We could not exclude, however, that given their membership in large gene families, the down-regulation of TLP and the lack of differential expression of β-1,3-Gs observed in the present study are due to the fact that we targeted paralogous sequences not involved in a defence response within the 24 hpi.

It is interesting to read our findings in light of the most recent transcriptome studies on Q. suber. Sebastiana et al. (2014) reported recently the differential expression of Q. suber genes comparing transcriptome of ectomycorrhizal (EM) colonized roots with nonsymbiotic roots. Proteins of the NBS-LRR family (namely, CC-NBS-LRR resistance gene subclasse) were found to be the most abundant products of differentially expressed genes (namely, up-regulated). Their involvement in a response to EM colonization, suggests that not only they detect pathogens like P. cinnamomi as observed in our work but also fungi engaged in a mutualistic association.

However, QsCAD2, QsPDI, QsTLP, QsCHI and QsGlu were not found to be differentially expressed as a consequence of the EM colonization.

As a matter of fact it was not expected to observe up-regulation of chitinase and 1,3-β-glucanase as these enzymes are involved in the lysis of hyphal tips and would inhibit mycorrhization.

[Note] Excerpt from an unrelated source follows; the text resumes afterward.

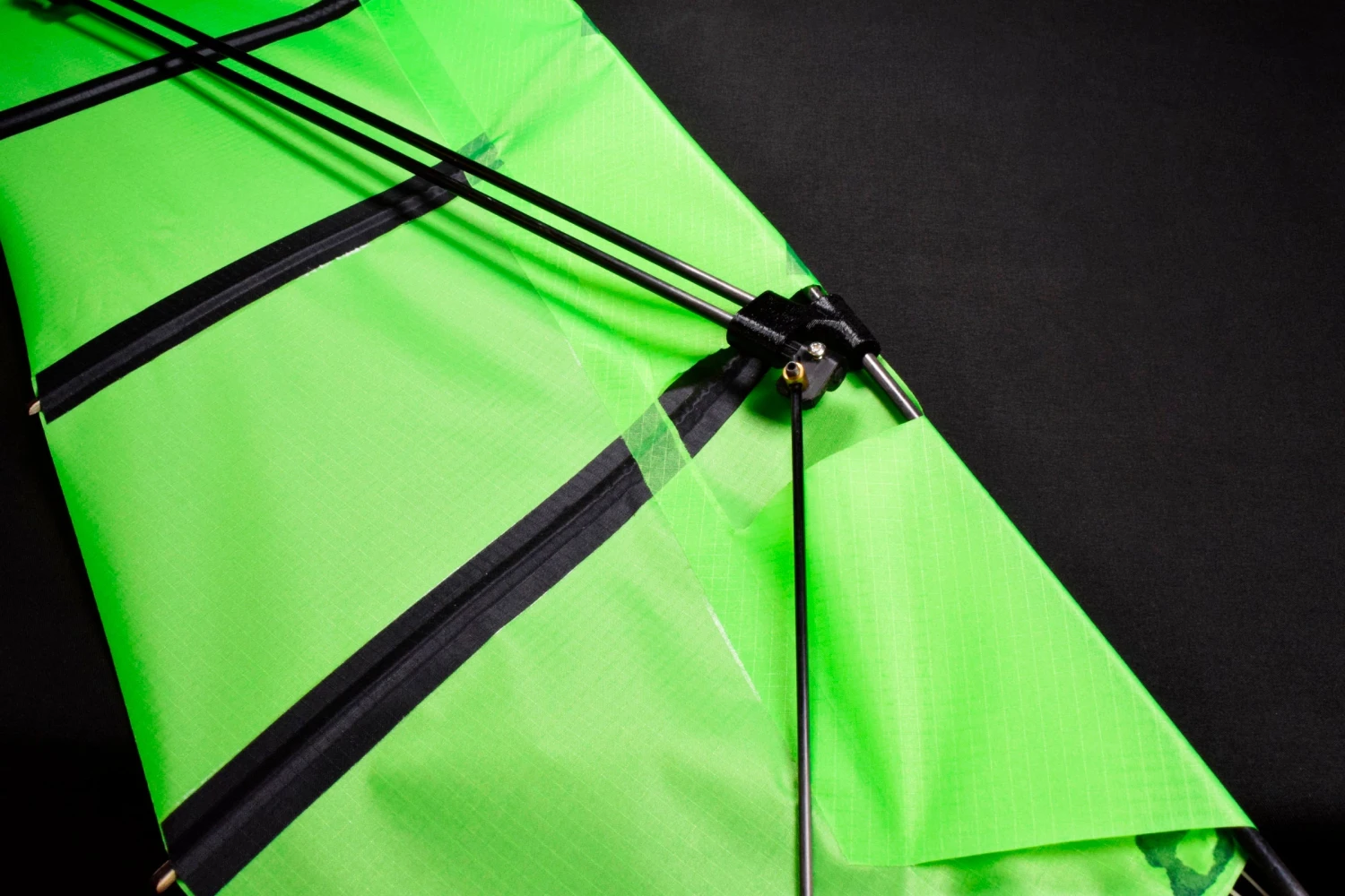 The lightweight and robust frame is mostly made from carbon fiber, that supports a colorful, high strength rip-stop fabric sail. The airfoil shape is provided by specially designed ply battens that don’t lose their shape. The fabric we utilize is an advanced material designed in the USA for sailboat spinnakers. The fabric and the frame design combines to make a VERY durable aircraft.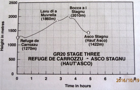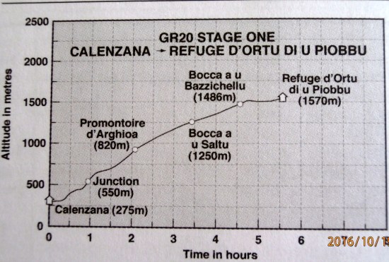 Информация о каждом этапе (перепад высот и протяженность в км) в разных источниках отличается, и иногда значительно. Данные о перепаде высот я буду приводить из путеводителя TopoGuides, а данные о протяжённости — из отчёта одного «крутого» треккера из Дании, прошедшего  GR 20 за 11 дней (http://corsica.forhikers.com/forum/p/24925). Рельеф каждого этапа взят из путеводителя Давида Аврама.

The same applies to TLPs whose activity against fungi proteins has been described (Kim et al. 2009). Also, cinnamyl alcohol dehydrogenases appears not to participate in the phenylpropanoid metabolism suggesting mycorrhization does not trigger cell wall reinforcement that would oppose hyphae penetration and the success of colonization. Nevertheless, it was expectable to observe QsPDI differential expression as the enzyme is involved in the response to the oxidative burst that was shown to occur in EM establishment, at least in Castanea sativa (Baptista et al., 2007). Also, Tarkka et al. (2013) found chitinase to be down-regulated in Q. robur mycorrhizal roots and genes related to phenylpropanoid metabolism depleted. Overall, these studies show that plant defences are attenuated in the mature oak EMs.

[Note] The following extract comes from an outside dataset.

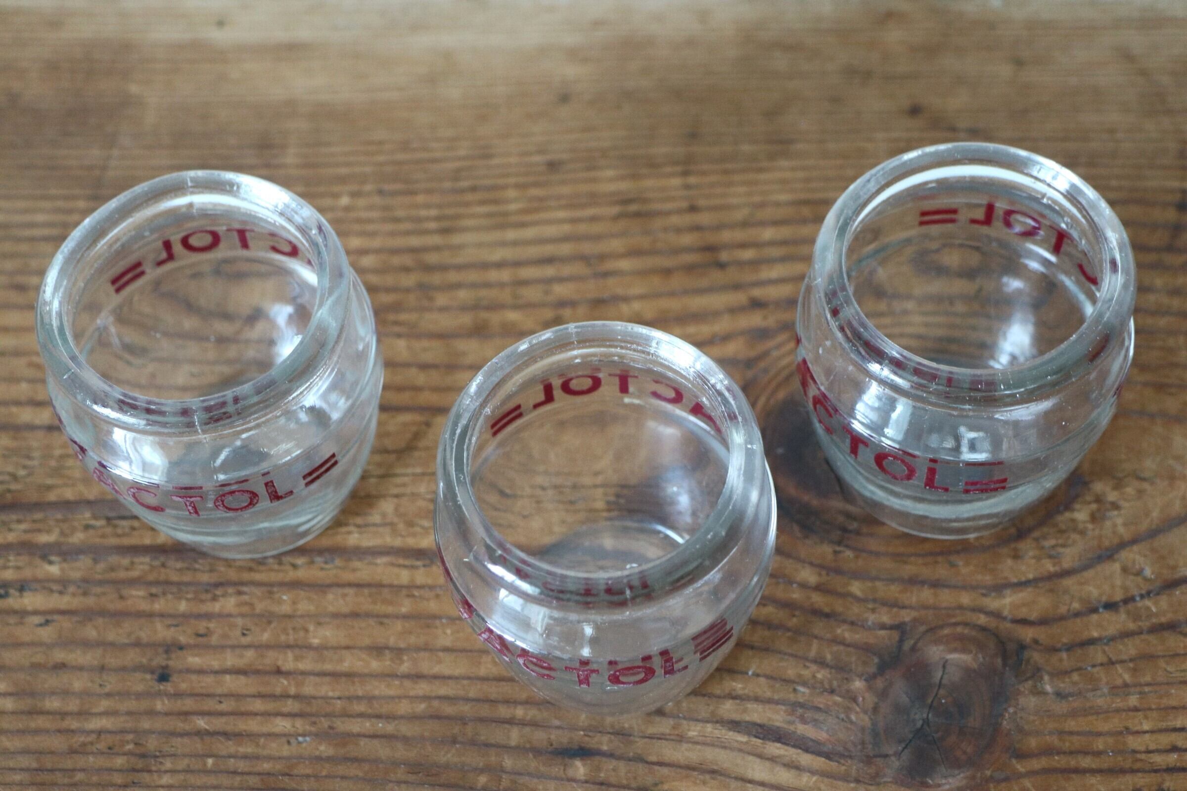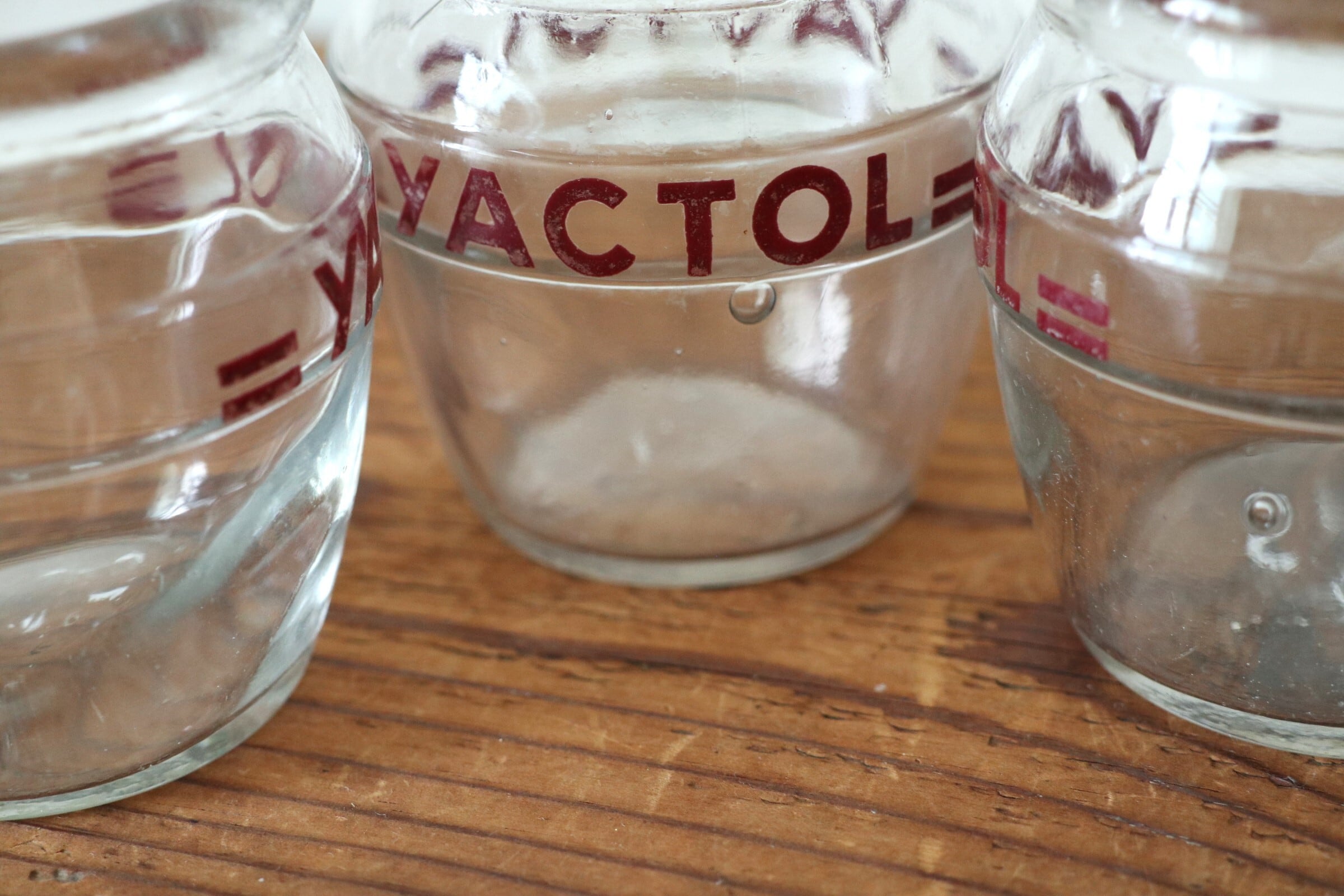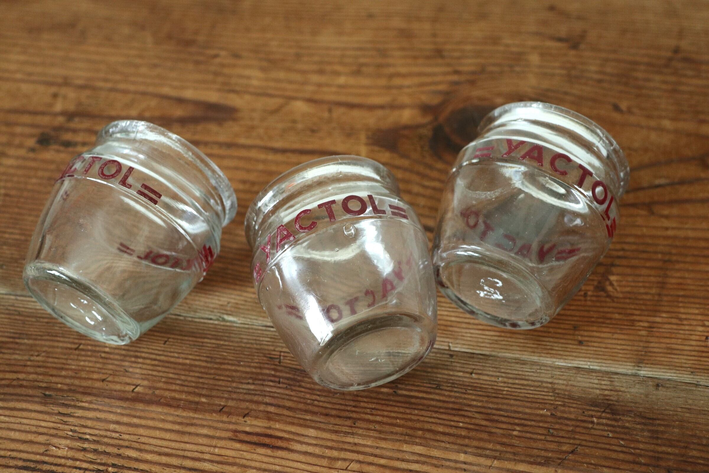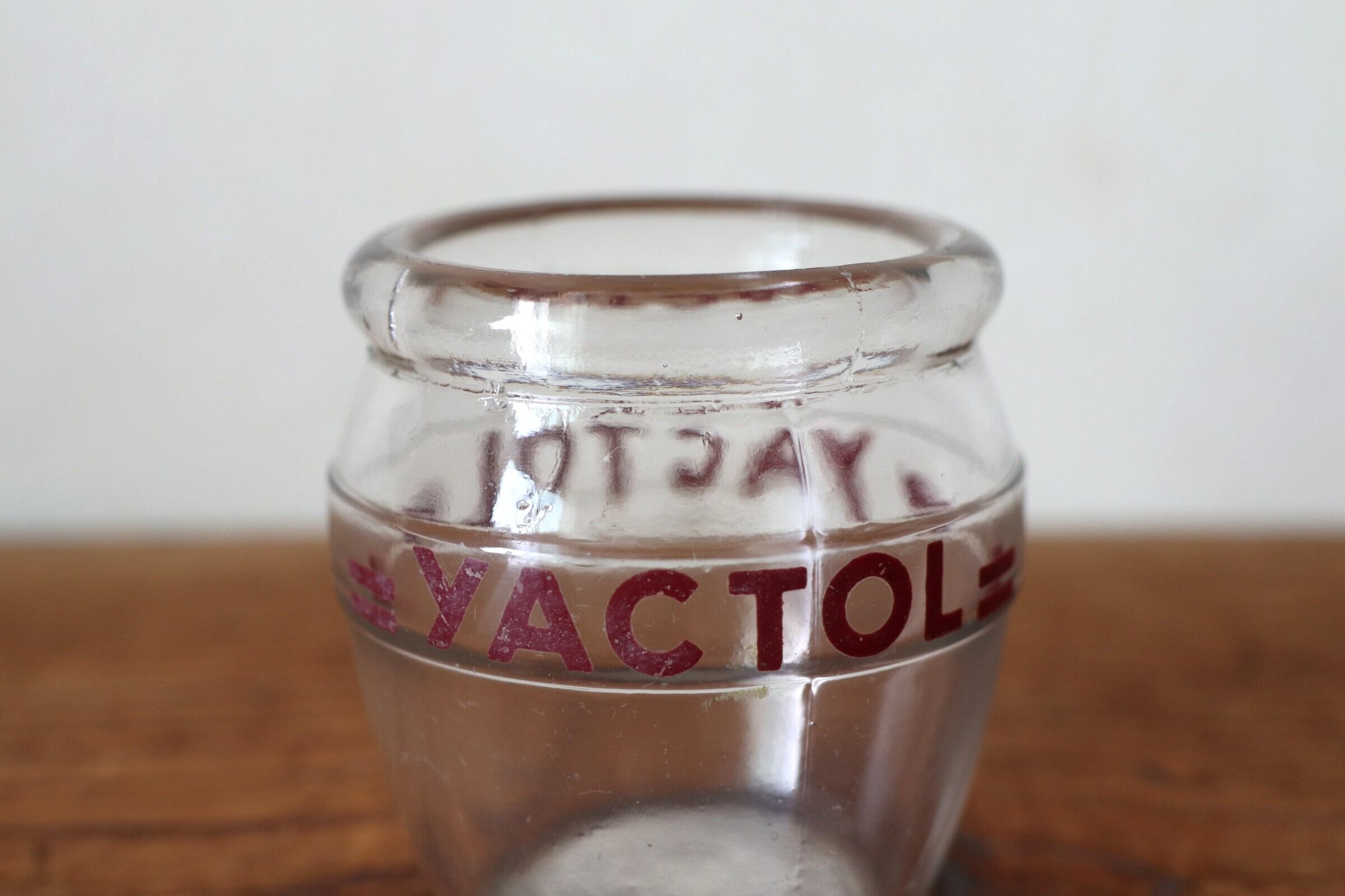 “YACTOL”と表示された、厚みのある吹きガラスのヨーグルトポット。

Interestingly, beneficial rhizobacteria appear to stimulate plant defences as it was recently shown in Q. robur challenged with M. alphitoides (Kurth et al., 2014). In this study, a large number of defence-related genes were differentially expressed in plants co-inoculated with a nonpathogenic Streptomyces sp. strain AcH 505 and oak powdery mildew. An identified CC-NBS-LRR gene was down-regulated compared to plants non-inoculated or inoculated either with the bacterium or with the fungus; no other genes from this family were reported. This observation and the above results show the complexity of the mechanisms in which this family of resistance genes appear to be involved. Cinnamyl alcohol dehydrogenase and one chitinase were up-regulated at the same level in plants inoculated either with AcH 505 or oak powdery mildew or co-inoculated as compared to non-inoculated, in agreement with our results. No mention is made to the other genes studied in the present work.

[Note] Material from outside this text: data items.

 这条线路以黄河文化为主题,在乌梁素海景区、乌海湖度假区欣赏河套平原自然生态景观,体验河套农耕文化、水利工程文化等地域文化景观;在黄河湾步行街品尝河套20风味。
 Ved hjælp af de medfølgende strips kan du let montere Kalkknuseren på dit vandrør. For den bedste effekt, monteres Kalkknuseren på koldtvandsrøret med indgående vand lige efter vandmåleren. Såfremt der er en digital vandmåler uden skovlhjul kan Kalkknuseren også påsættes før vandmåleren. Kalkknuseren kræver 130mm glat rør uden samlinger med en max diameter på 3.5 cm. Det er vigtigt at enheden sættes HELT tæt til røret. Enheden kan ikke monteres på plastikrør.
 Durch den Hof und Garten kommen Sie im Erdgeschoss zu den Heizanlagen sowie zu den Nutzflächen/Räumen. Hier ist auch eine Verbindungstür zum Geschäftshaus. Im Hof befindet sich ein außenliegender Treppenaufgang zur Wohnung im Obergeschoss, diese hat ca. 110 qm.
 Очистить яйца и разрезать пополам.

In this study, we provide a brief insight into the expression pattern of some putative cork oak defence related genes during root infection by P. cinnamomi. The identification of these genes is a useful contribution to design and implement screening strategies aiming at the future development of breeding lines. Furthermore, in this study and for the first time a set of potential reference genes were analyzed and validated in root tissues for qRT-PCR normalization in the Phytophthora-Q. suber pathosystem. This is an important issue as the choice of suitable reference genes in any new experimental system is absolutely crucial in qRT-PCR.